В конце концов, после долгих колебаний, Ортанс взяла для подруги атласное платье небесно-голубого цвета, а для себя – ансамбль цвета неспелого яблока, который освежал невыразительное лицо этой брюнетки.
Наступило утро двадцать шестого августа. Взглянув на тощую фигуру сестры, которой фижмы верхнего платья придали некоторую округлость, на ее матовое лицо, оживленное зеленым платьем, на ее негустые, но мягкие и тонкие каштановые волосы, Анжелика, покачав головой, сказала:
– Право, Ортанс, мне кажется, ты была бы прелестной, если бы не твой желчный характер.
К ее великому удивлению, Ортанс не рассердилась. Она вздохнула, продолжая крутиться перед большим металлическим зеркалом.

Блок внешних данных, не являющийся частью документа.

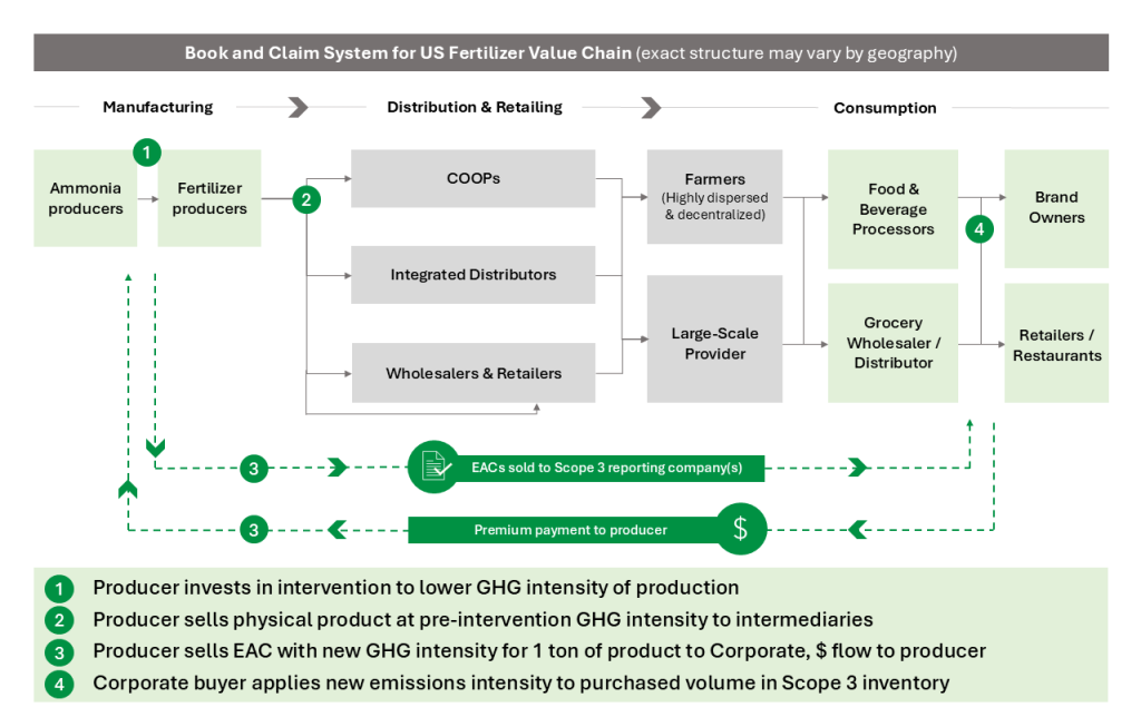 Book and claim systems solve this challenge by decoupling environmental attributes from physical product flow. Under this framework, fertilizer producers generate Environmental Attribute Certificates (EACs) for each unit of low-emission production, which are then sold separately from the physical fertilizer itself (Exhibit 2). Corporate buyers purchase these certificates to demonstrate verified emissions reductions in their Scope 3 inventories, creating a direct financial channel between producers and corporate buyers — regardless of where the physical fertilizer ultimately flows through agricultural supply chains. This structure enables revenue to reach decarbonization projects without requiring companies to engage in complex coordination that alters how farmers source inputs or require that physical molecules are traced all the way through complex value chains.

– И мне тоже так кажется, – проговорила она. – Но подумай сама, я не создана для того, чтобы прозябать в безвестности, а живу именно так. Мне нравится общество блестящих и хорошо одетых людей, я люблю светскую беседу, обожаю зрелища. Но домашние заботы совсем закабалили меня. Этой зимой мне удалось побывать на званых вечерах у одного поэта-сатирика, у Скаррона. Это ужасный, злой калека, но какой ум, дорогая моя! О, я никогда не забуду этих вечеров! Как жаль, что Скаррон недавно умер. Придется снова прозябать.

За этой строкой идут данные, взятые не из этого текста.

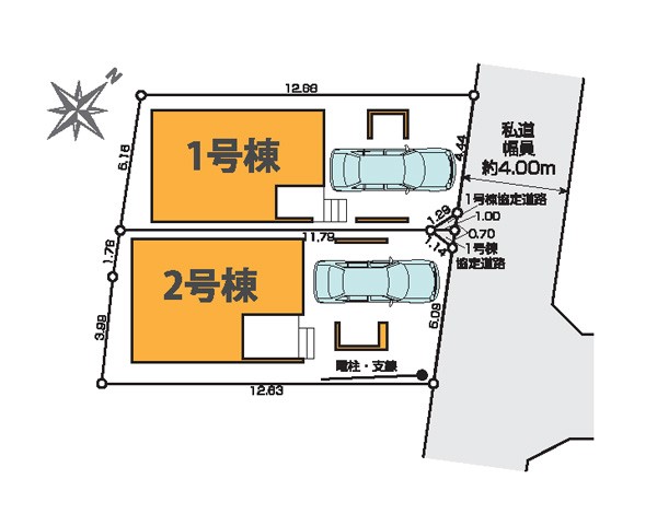 | 駐車場 | 1台 | 道路の幅員 | 1号棟:北東4m |

– Но сейчас ты не вызываешь жалости. Уверяю, вид у тебя блестящий.
– Конечно, будь я просто женой прокурора, это платье никогда не выглядело бы на мне так шикарно. Благородство нельзя купить. Оно в крови.
Склонившись над ларцами, чтобы выбрать себе украшение, сестры вновь ощутили дух клана, гордость за свое дворянское происхождение. Они забыли и о полутемной комнате, и о безвкусной мебели, и о столь же безвкусных бергамских гобеленах на стенах, которые ткали в Нормандии специально для людей среднего достатка.

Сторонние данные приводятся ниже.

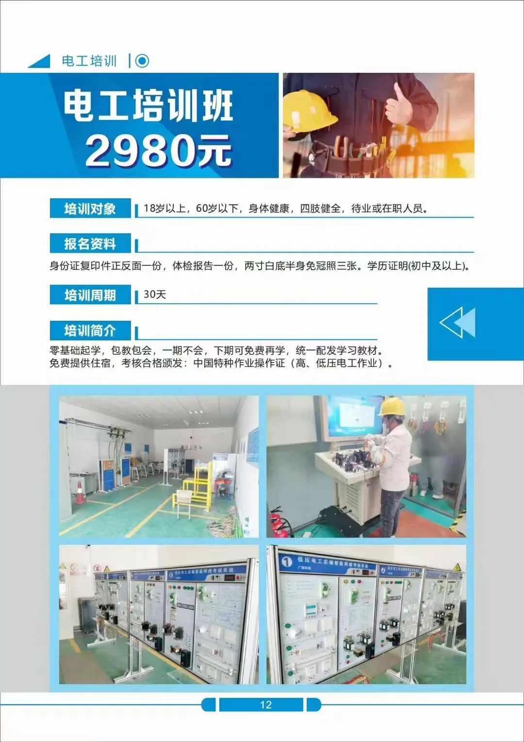 培训内容:安全技术基础知识与急致,认识常用工具及材料,电气识图,安装电工操作技能,电机与变压器的使用与维修,三相异步电地动机控线路的安全和检修,电子元件的识别与测试,电工仪器仪表的使用与维护,变压器和电焊机的使用与维修,电动机和特种电机的使用与维修,电动机复杂控制电路的安装与维修,一般机械设备电气控制电路的检修,可编程序控制应用技术,企业内供电系统的操作与维护。

В этот день господин прокурор на рассвете уехал в Венсен, где собирались высшие сановники государства, чтобы встретить короля приветственными речами.
Залпы пушек перекликались с колокольным звоном. Городская стража в парадной форме, ощетинившаяся пиками, алебардами и мушкетами, заняла свои места на улицах, где оглушительно кричали глашатаи, раздавая листочки с программой торжества, маршрутом королевского кортежа и описанием триумфальных арок.
Около восьми часов утра карета с облезлой позолотой, принадлежащая мадемуазель Атенаис де Тонне-Шарант, остановилась у дома прокурора. Подруга Ортанс оказалась красивой, яркой девицей: золотистые волосы, розовые щеки, перламутровый лоб, украшенный мушкой. Голубое платье, которое ей дала Анжелика, удивительно сочеталось с ее немного навыкате, но живыми и умными глазами цвета сапфира.
Она мельком поблагодарила Анжелику, хотя на ней было не только ее платье, но и великолепное бриллиантовое ожерелье, тоже одолженное Анжеликой.
Мадемуазель Атенаис де Тонне-Шарант де Мортемар жила в убеждении, что все
– ее должники и оказать ей услугу – для каждого большая честь. Семья ее была бедной, но Атенаис считала, что их старинный дворянский род стоит любого богатства. Брат и сестра ее, судя по всему, были о себе столь же высокого мнения. Все трое обладали бьющей через край энергией, насмешливым умом, страстным характером и тщеславием, что делало их весьма приятными и в то же время весьма опасными собеседниками.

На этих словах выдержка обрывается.